Reschedule bindings when unjoining a target cluster #1049

dddddai · 2021-11-30T09:53:08Z

What type of PR is this?
/kind feature

What this PR does / why we need it:
Please refer to #829 (comment)

Which issue(s) this PR fixes:
Part of #829

Special notes for your reviewer:

Does this PR introduce a user-facing change?:

karmada-scheduler: reschedule bindings when unjoining a target cluster.
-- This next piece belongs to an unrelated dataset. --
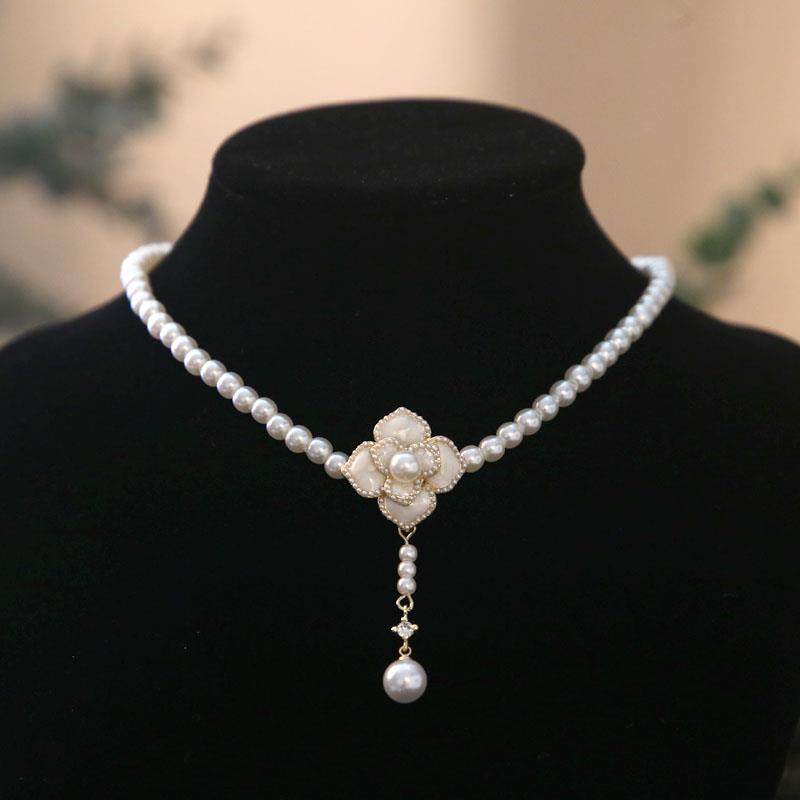 法式复古珍珠项链气质花朵花瓣锁骨链新娘颈链婚纱晚礼服宴会配饰

karmada-bot · 2021-11-30T09:53:13Z

[APPROVALNOTIFIER] This PR is NOT APPROVED

This pull-request has been approved by:
To complete the pull request process, please assign rainbowmango after the PR has been reviewed.
You can assign the PR to them by writing /assign @rainbowmango in a comment when ready.

The full list of commands accepted by this bot can be found here.
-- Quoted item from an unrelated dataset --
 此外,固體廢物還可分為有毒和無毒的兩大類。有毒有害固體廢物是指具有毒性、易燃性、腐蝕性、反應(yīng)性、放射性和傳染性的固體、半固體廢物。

Needs approval from an approver in each of these files:

OWNERS

Approvers can indicate their approval by writing /approve in a comment
Approvers can cancel approval by writing /approve cancel in a comment

mrlihanbo · 2021-11-30T12:26:51Z

we need to do code refactoring here which will failed for Duplicated policy:

	// TODO: should schedule as much as possible?
	deltaLen := len(spec.Clusters) - len(reservedClusters)
	if len(candidateClusters) < deltaLen {
		// for ReplicaSchedulingTypeDivided, we will try to migrate replicas to the other health clusters
		if placement.ReplicaScheduling == nil || placement.ReplicaScheduling.ReplicaSchedulingType == policyv1alpha1.ReplicaSchedulingTypeDuplicated {
			klog.Warningf("ignore reschedule binding as insufficient available cluster")
			return ScheduleResult{}, nil
		}
	}

dddddai · 2021-11-30T13:29:11Z

we need to do code refactoring here which will failed for Duplicated policy:

What do you mean by "failed for Duplicated policy"?
If number of available clusters is less than deltaLen, it would NOT perform reschedule, and I don't know if it's expected

For example, there is a propagation policy that propagates a workload to all clusters, should it perform reschedule when unjoining a cluster? I guess the answer is YES, so is this the difference between Reschedule and FailoverSchedule?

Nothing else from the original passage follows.